Items from a dataset:
▼

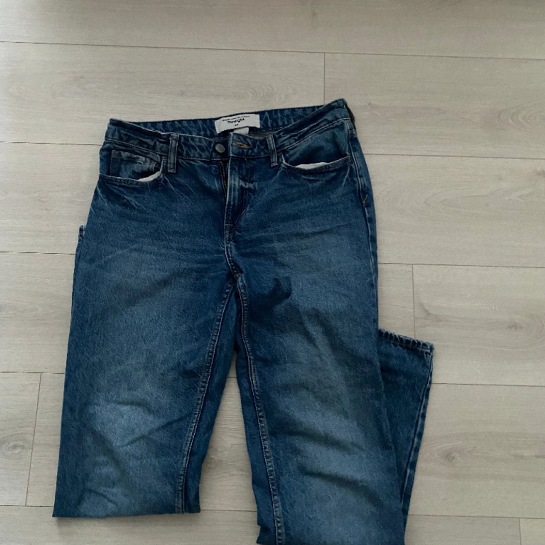 Lågmidjade jeans från H&M. Dom är straight i modellen och har inga skador. Kom privat för mer bilder!!
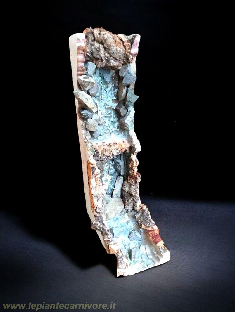Questa struttura permette di ricreare un micro-ambiente equilibrato, con livelli di umidità, movimento d’aria e suoni naturali simili a quelli di un habitat tropicale. Oltre all’effetto estetico e naturale, la cascata tripartita contribuisce a: 1 Mantenere costante l’umidità interna, fondamentale per piante tropicali, anfibi e rettili. 2 Favorire la circolazione dell’aria e la termoregolazione del microclima. 3 Stimolare il comportamento naturale degli animali, offrendo punti d’acqua e micro-habitat. 4 Aumentare l’ossigenazione dell’acqua nel bacino o torrente inferiore. Una cascata di questo tipo non è solo quindi un elemento decorativo: è un componente tecnico-ecologico che rende il terrario un ecosistema più stabile, realistico e sano. Ecco un dettagliato progetto per realizzare una cascata di questo tipo. Primo tratto: acqua che scende aderente alla parete verticale. Secondo tratto: piccola “terrazza” da cui l’acqua salta via dalla parete e cade a qualche cm di distanza, formando una cascatella. A valle ? l’acqua confluisce in un piccolo corso d’acqua che si getto poi in un laghetto. Primo tratto: Creare la parete verticale. Modelliamo con schiuma espansa o lastre di poliuretano la prima parte della cascata, colorandola e ricoprendola sui lati con piccoli sassi che fungono da roccia. lLa superficie dove l’acqua deve aderire deve essere liscia e leggermente concava (non ruvida), così il flusso resta attaccato per effetto della tensione superficiale. Trucco: inclina la parete di 5–10° all’indietro (cioè verso la parete del terrario), questo favorisce l’adesione del film d’acqua. Facciamo terminare il tubo della pompa nella parte alta della parete, lasciando uscire l’acqua in modo che si distribuisca a ventaglio. Possiamo creare una piccola vaschetta o scanalatura (1–2 cm di profondità) alla sommità da cui l’acqua trabocca lentamente sulla parete. Evitiamo getti diretti: un flusso troppo forte rompe l’effetto “a velo”. Test: se l’acqua si stacca, lisciamo ulteriormente la superficie o riduciamo leggermente il flusso della pompa. Secondo tratto: La terrazza e la cascatella. Dopo qualche cm, creiamo una piccola terrazza orizzontale (tipo roccia piatta o scalino). L’orlo frontale della terrazza deve avere un bordino sottile e netto, così l’acqua si stacca e cade in avanti. Incliniamo leggermente la terrazza verso l’esterno (2–3°), ottenendo così una cascatella distaccata di circa 2 cm dalla parete. Materiali ideali per la terrazza: Una pietra piatta (ardesia, lavica) incollata con silicone, oppure un bordo modellato in schiuma e ricoperto di resina e sabbia per simulare la roccia. Terza parte: Raccolta e torrente. Posizioniamo alla base una piccola vasca o canale con ciottoli e sabbia per raccogliere l’acqua. Da lì, l’acqua può così fluire in un torrente artificiale verso un laghetto o nel contenitore che raccoglie l'acqua e dove è presente la pompa per chiudere il ciclo. Ottimizzazione del flusso. Se l’acqua si disperde o schizzi troppo: Riduciamo leggermente la portata della pompa. Aggiungiamo un micro filtro in spugna sull’uscita per uniformare il getto. Controlliamo che la terrazza non abbia micro gocce che fanno da “ponte” con la parete (queste fanno aderire l’acqua invece di farla saltare). Consiglio estetico Per un effetto naturale, lasciamo che un po’ di muschio o radici epifite colonizzino i bordi umidi, questo renderà la transizione tra i due tratti più morbida e realistica. Ecco la nostra cascata tripartita a progetto terminato.
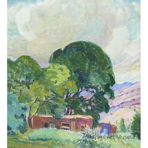 New Mexico Landscape, Taos is one of Van Pappelendam’s many paintings of the New Mexican landscape. The painting is built up from a warm and inviting color palette which depicts small cabin structure that rests on the edge of the foreground beneath a tree before the landscape recedes into the purple tinged mountains and foothills in the distance. Above the trees and valley large rolling clouds form from wide ample brushstrokes in greens and pinks, developing a sense of warmth and an untamed natural clarity that permeates the painting’s atmosphere. During her summer trips to New Mexico, where she spent the summers from 1920-27 and 1950-55, Van Pappelendam was known to frequently be accompanied by her younger brother where they would camp and she would paint the landscape. It is unclear whether or not the structure in the image belongs to either of them, but it is known that Van Papplendam enjoyed incorporating architecture into the landscape.Acquisition
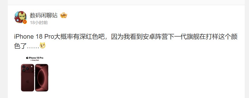 今回の情報は信頼性の非常に高い有名リーカー、Digital Chat Station氏からのもので、これによるとiPhone 18 ProおよびiPhone 18 Pro Maxには、従来にない落ち着いたトーンのレッドカラーが用意される可能性があるとされています。
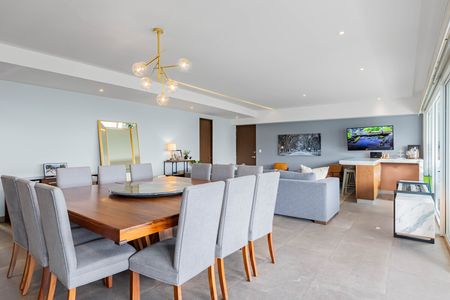 El departamento tiene 278 m² cubiertos, con pisos de mármol Santo Tomás martirizado, una hermosa terraza cubierta, excelente vigilancia en el fraccionamiento y el departamento, amplias áreas verdes frente a lagos artificiales, cuatro cajones de estacionamiento y bodega.

▲

What is needed here is an exact copy of every record, with the pictures left out.

Solution to this problem:
 Lågmidjade jeans från H&M. Dom är straight i modellen och har inga skador. Kom privat för mer bilder!!
Questa struttura permette di ricreare un micro-ambiente equilibrato, con livelli di umidità, movimento d’aria e suoni naturali simili a quelli di un habitat tropicale. Oltre all’effetto estetico e naturale, la cascata tripartita contribuisce a: 1 Mantenere costante l’umidità interna, fondamentale per piante tropicali, anfibi e rettili. 2 Favorire la circolazione dell’aria e la termoregolazione del microclima. 3 Stimolare il comportamento naturale degli animali, offrendo punti d’acqua e micro-habitat. 4 Aumentare l’ossigenazione dell’acqua nel bacino o torrente inferiore. Una cascata di questo tipo non è solo quindi un elemento decorativo: è un componente tecnico-ecologico che rende il terrario un ecosistema più stabile, realistico e sano. Ecco un dettagliato progetto per realizzare una cascata di questo tipo. Primo tratto: acqua che scende aderente alla parete verticale. Secondo tratto: piccola “terrazza” da cui l’acqua salta via dalla parete e cade a qualche cm di distanza, formando una cascatella. A valle ? l’acqua confluisce in un piccolo corso d’acqua che si getto poi in un laghetto. Primo tratto: Creare la parete verticale. Modelliamo con schiuma espansa o lastre di poliuretano la prima parte della cascata, colorandola e ricoprendola sui lati con piccoli sassi che fungono da roccia. lLa superficie dove l’acqua deve aderire deve essere liscia e leggermente concava (non ruvida), così il flusso resta attaccato per effetto della tensione superficiale. Trucco: inclina la parete di 5–10° all’indietro (cioè verso la parete del terrario), questo favorisce l’adesione del film d’acqua. Facciamo terminare il tubo della pompa nella parte alta della parete, lasciando uscire l’acqua in modo che si distribuisca a ventaglio. Possiamo creare una piccola vaschetta o scanalatura (1–2 cm di profondità) alla sommità da cui l’acqua trabocca lentamente sulla parete. Evitiamo getti diretti: un flusso troppo forte rompe l’effetto “a velo”. Test: se l’acqua si stacca, lisciamo ulteriormente la superficie o riduciamo leggermente il flusso della pompa. Secondo tratto: La terrazza e la cascatella. Dopo qualche cm, creiamo una piccola terrazza orizzontale (tipo roccia piatta o scalino). L’orlo frontale della terrazza deve avere un bordino sottile e netto, così l’acqua si stacca e cade in avanti. Incliniamo leggermente la terrazza verso l’esterno (2–3°), ottenendo così una cascatella distaccata di circa 2 cm dalla parete. Materiali ideali per la terrazza: Una pietra piatta (ardesia, lavica) incollata con silicone, oppure un bordo modellato in schiuma e ricoperto di resina e sabbia per simulare la roccia. Terza parte: Raccolta e torrente. Posizioniamo alla base una piccola vasca o canale con ciottoli e sabbia per raccogliere l’acqua. Da lì, l’acqua può così fluire in un torrente artificiale verso un laghetto o nel contenitore che raccoglie l'acqua e dove è presente la pompa per chiudere il ciclo. Ottimizzazione del flusso. Se l’acqua si disperde o schizzi troppo: Riduciamo leggermente la portata della pompa. Aggiungiamo un micro filtro in spugna sull’uscita per uniformare il getto. Controlliamo che la terrazza non abbia micro gocce che fanno da “ponte” con la parete (queste fanno aderire l’acqua invece di farla saltare). Consiglio estetico Per un effetto naturale, lasciamo che un po’ di muschio o radici epifite colonizzino i bordi umidi, questo renderà la transizione tra i due tratti più morbida e realistica. Ecco la nostra cascata tripartita a progetto terminato.
 New Mexico Landscape, Taos is one of Van Pappelendam’s many paintings of the New Mexican landscape. The painting is built up from a warm and inviting color palette which depicts small cabin structure that rests on the edge of the foreground beneath a tree before the landscape recedes into the purple tinged mountains and foothills in the distance. Above the trees and valley large rolling clouds form from wide ample brushstrokes in greens and pinks, developing a sense of warmth and an untamed natural clarity that permeates the painting’s atmosphere. During her summer trips to New Mexico, where she spent the summers from 1920-27 and 1950-55, Van Pappelendam was known to frequently be accompanied by her younger brother where they would camp and she would paint the landscape. It is unclear whether or not the structure in the image belongs to either of them, but it is known that Van Papplendam enjoyed incorporating architecture into the landscape.Acquisition
 今回の情報は信頼性の非常に高い有名リーカー、Digital Chat Station氏からのもので、これによるとiPhone 18 ProおよびiPhone 18 Pro Maxには、従来にない落ち着いたトーンのレッドカラーが用意される可能性があるとされています。
 El departamento tiene 278 m² cubiertos, con pisos de mármol Santo Tomás martirizado, una hermosa terraza cubierta, excelente vigilancia en el fraccionamiento y el departamento, amplias áreas verdes frente a lagos artificiales, cuatro cajones de estacionamiento y bodega.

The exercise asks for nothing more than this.